## Exercise details:
Copy the closing run of lines, from the one with "最終日!! 本日12月30日(火)のイベント開催情報について" through the last line of the listing, exactly and without any pictures.

## Raw data:

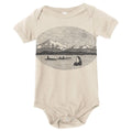 Soft oatmeal-heather onesies made in the USA using eco-friendly, water-based ink.
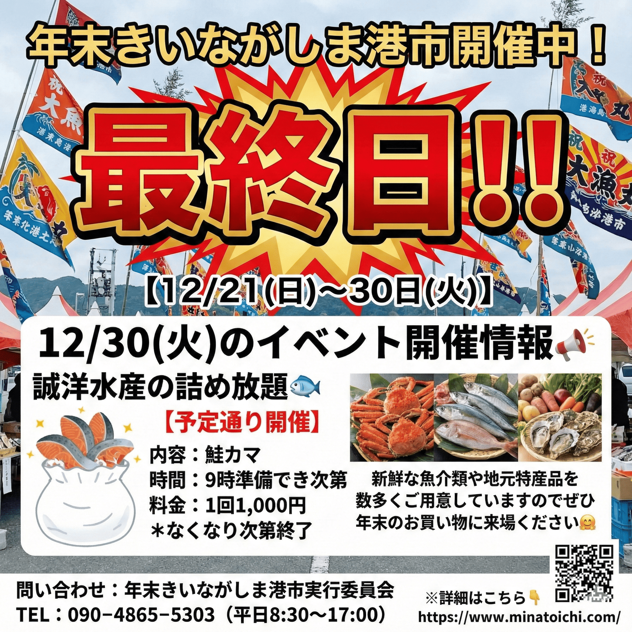最終日!! 本日12月30日(火)のイベント開催情報について
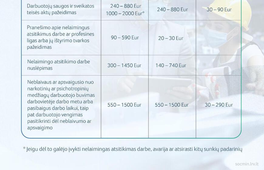 Pasekmės, jeigu nesilaikoma darbuotojų saugos ir sveikatos reikalavimų

## Solution for this task:
最終日!! 本日12月30日(火)のイベント開催情報について
 Pasekmės, jeigu nesilaikoma darbuotojų saugos ir sveikatos reikalavimų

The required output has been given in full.